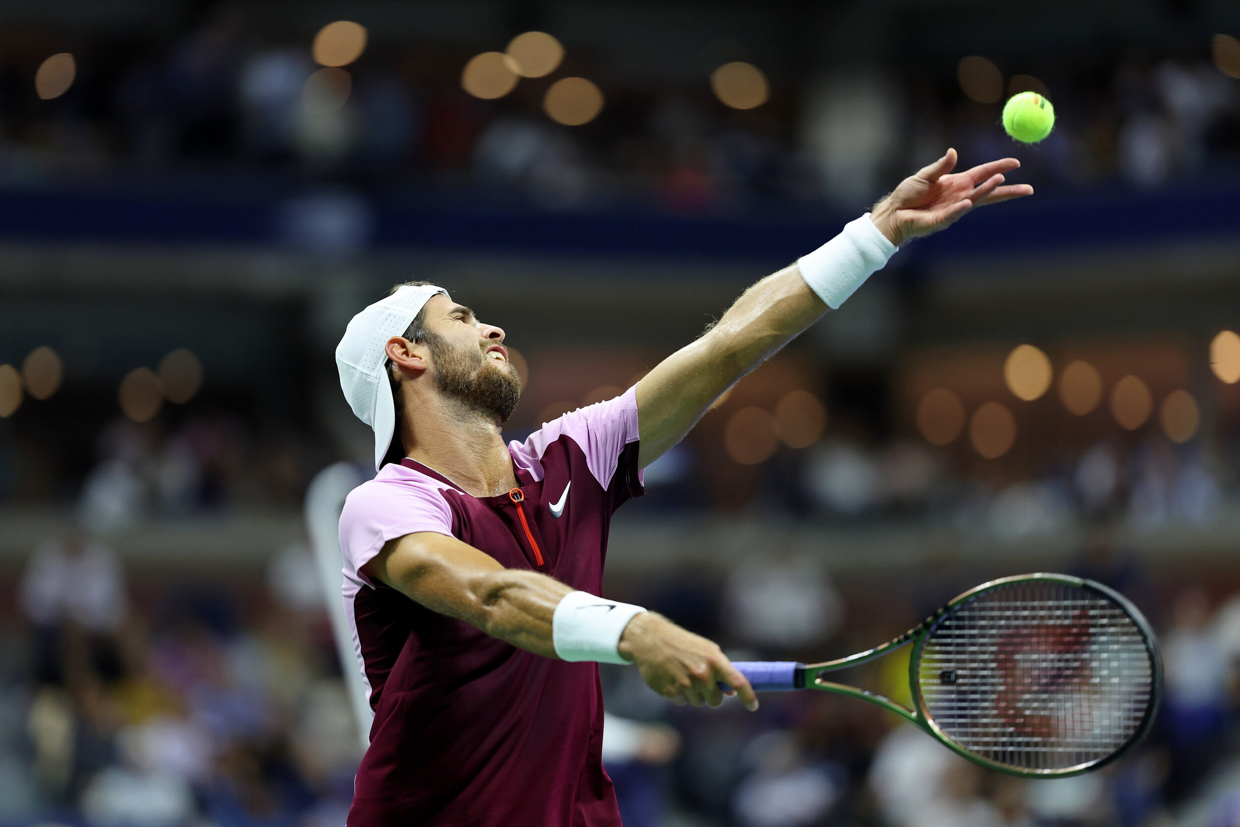 Karen Khachanov serves during a men's singles quarterfinal match at the 2022 US Open, Tuesday, Sep. 6, 2022 in Flushing, NY. (Simon Bruty/USTA)
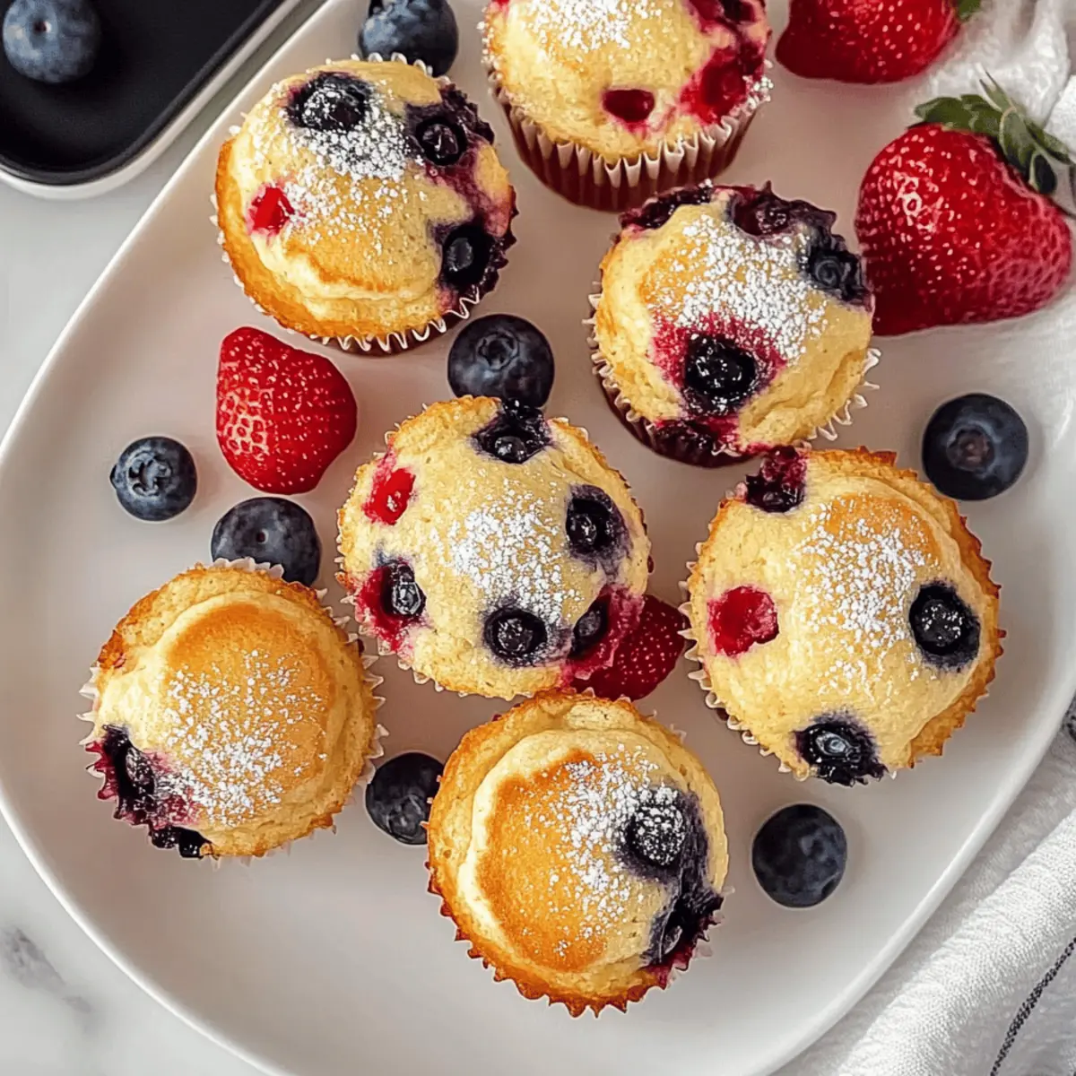 Mini Pancake Muffins are tiny, fluffy morsels that blend the taste of pancakes with the convenience of muffins, perfect for busy mornings.
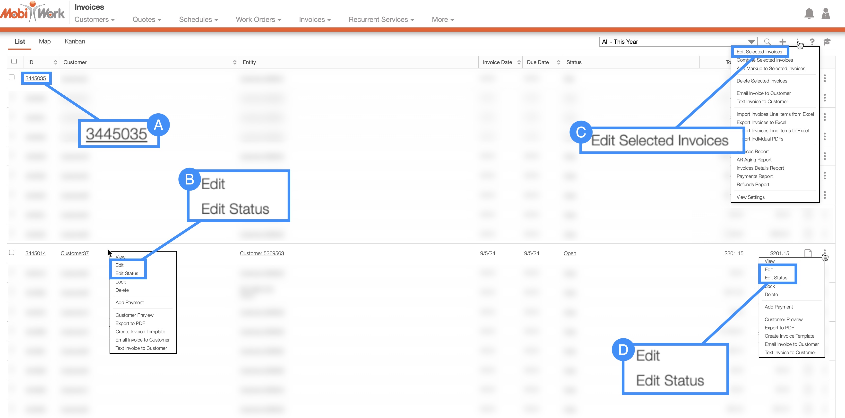 Instead of editing the entire invoice, MobiWork also gives you the option to update only the status. The section, How to Access the Page, will illustrate how to navigate to access this action.
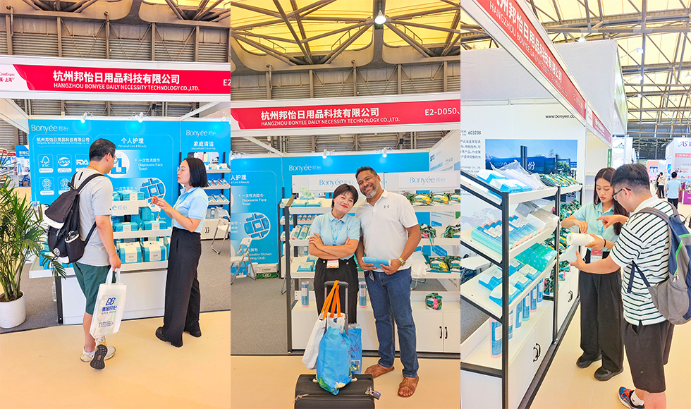 自2006年创立以来,邦怡致力于深耕无纺制品OEM/ODM业务领域。本次展会上,邦怡以无纺制品领域多年技术沉淀和持续提升的生产能力,以及高端差异化的产品理念,吸引了包括韩国、巴基斯坦、印度等多国外宾洽谈交流,便携装个护产品和懒人抹布产品成为焦点和关注的热点,其满足了市场需求和解决了消费存在的一些痛点。
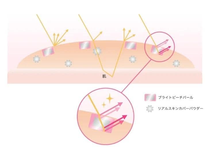 また、新配合の「ブライトピーチパール」で光の反射と血色感をアップ。白浮きせずに肌になじみ、自然な透明感を演出してくれます。
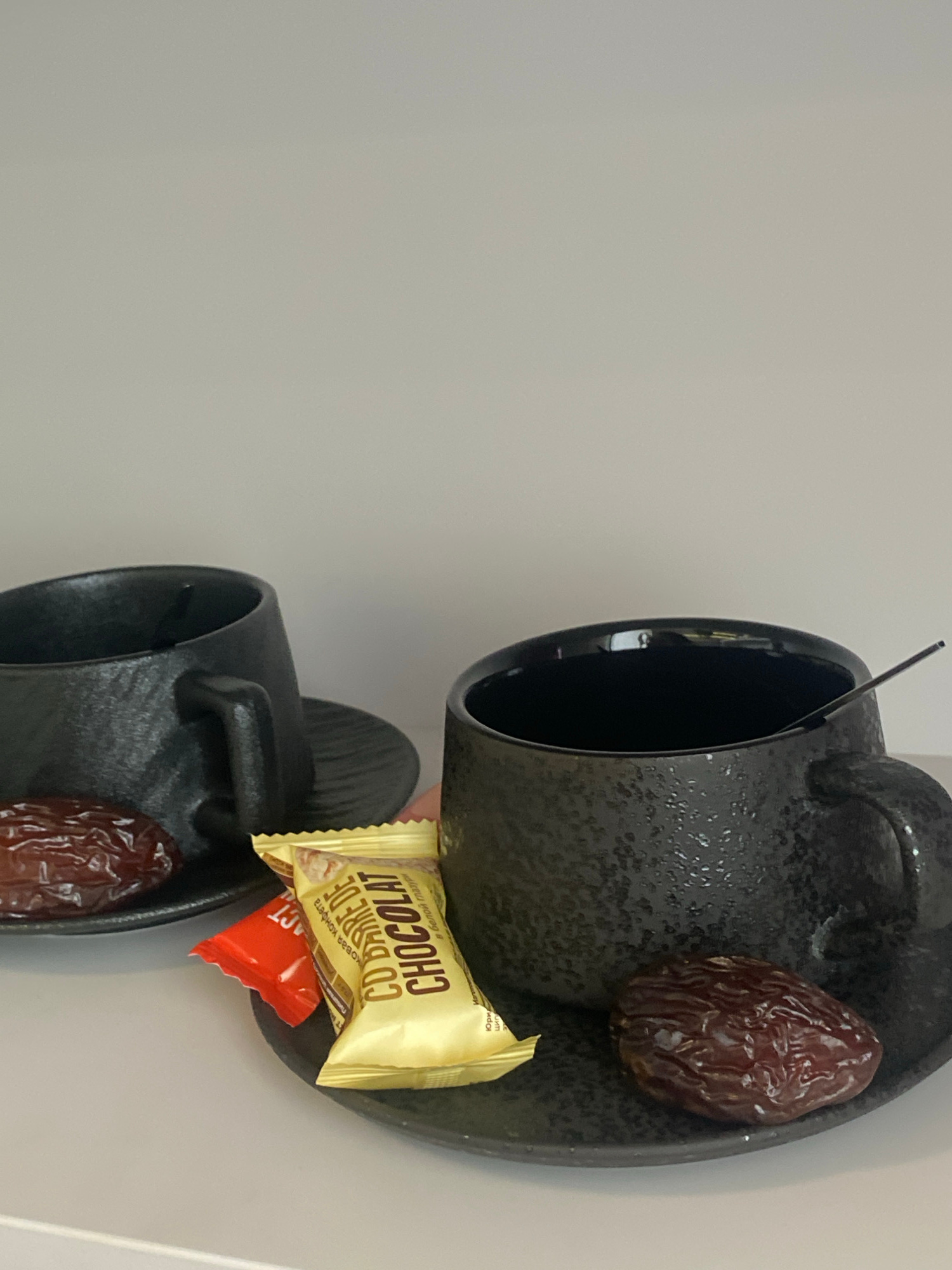 Two black cups and saucers are stacked on top of each other, angled to the right, with a date and a wrapped chocolate candy bar on each saucer. The scene appears to be indoors, against a light-colored…read more
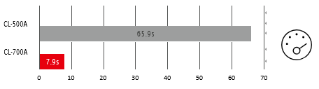 对比结果: 新分光辐射照度计CL-700A 测量速度比 CL-500A快了约8倍。 |
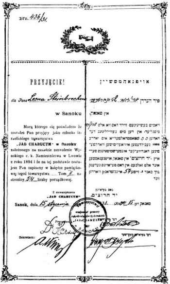 The first president of Yad Charutzim was Dr. Natan Nebenzahl. He lived in Sanok until the First World War (1914), and gave a great deal of his energy for the good of the organization. He remained the honorary president of the organization even after he left Sanok to move to his new residence in the Austrian capital of Vienna, where he died. His large portrait took an honorable place among the rest of the portraits of the members of Yad Charutzim on the second floor of the building. The members also paid monthly dues, collected by the shamash (beadle) of the synagogue, Yitzchak Krell of blessed memory.
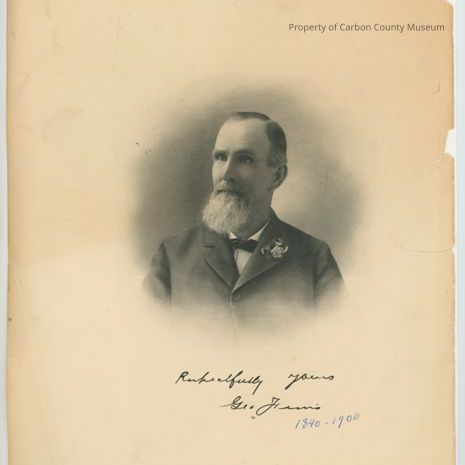 Written on the back in black ink: "Came to Wyoming with Custer's 7th Michigan Cavalry. Came to Rawlins permanently in 1868. Had a contract to kill wild game for the meat supply of the construction workers on the UP Railroad. Owned a 3/4 interest in Ferris-Haggerty Mines. Rancher and sheepman. He was killed in 1900 when his team of horses ran away with him." "Copied" "People".
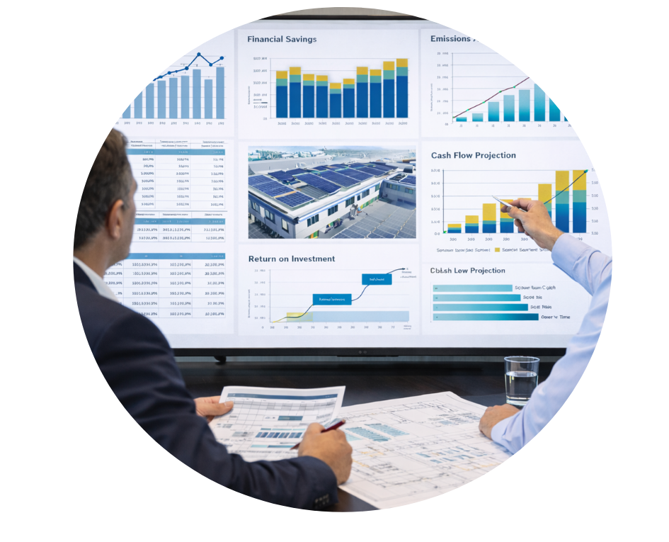 Convertimos la información técnica del proyecto en proyecciones de ahorro, retorno e impacto financiero para respaldar la inversión
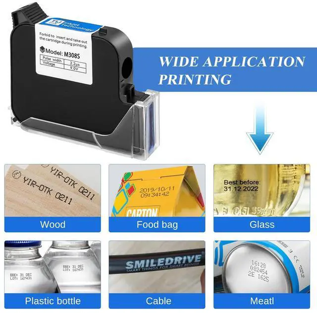 Wide Applications: These ink cartridges are suitable for both water-absorbing and non-absorbing materials including: paper, wood, cartons, fabric, leather, fiberboard, plastic, ceramic, glass, metal, and aluminum foil, etc ^^
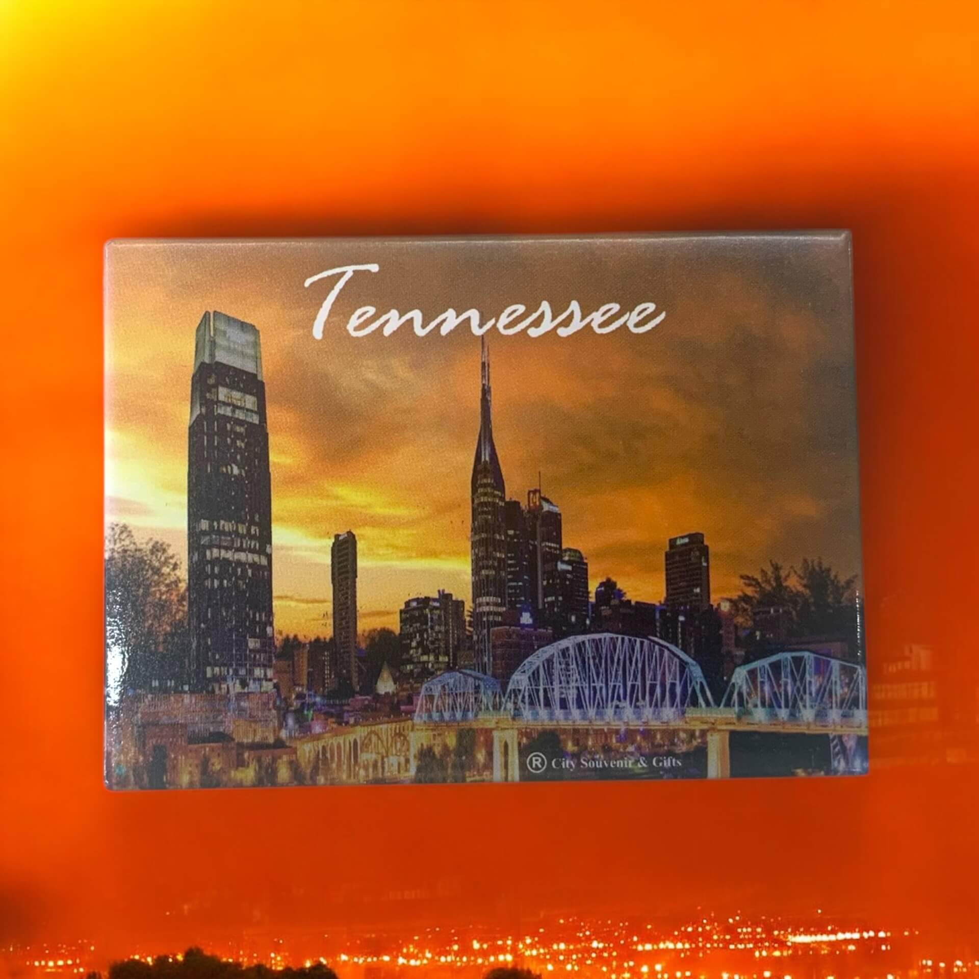 Light up your fridge with the magic of Tennessee's twinkling skyline! This gorgeous magnet captures the Volunteer State's cityscape in all its nighttime glory - perfect for showing off your Tennessee pride or giving as a Tennessee souvenir whether you're a Tennessee native, visited Music City, or just love collecting magnets from amazing places,
+++++
What is needed. The required answer is an exact, picture-free copy of the lines from the opening of the listing above through the line with "Mini Pancake Muffins".

Result of this task.
 Karen Khachanov serves during a men's singles quarterfinal match at the 2022 US Open, Tuesday, Sep. 6, 2022 in Flushing, NY. (Simon Bruty/USTA)
 Mini Pancake Muffins are tiny, fluffy morsels that blend the taste of pancakes with the convenience of muffins, perfect for busy mornings.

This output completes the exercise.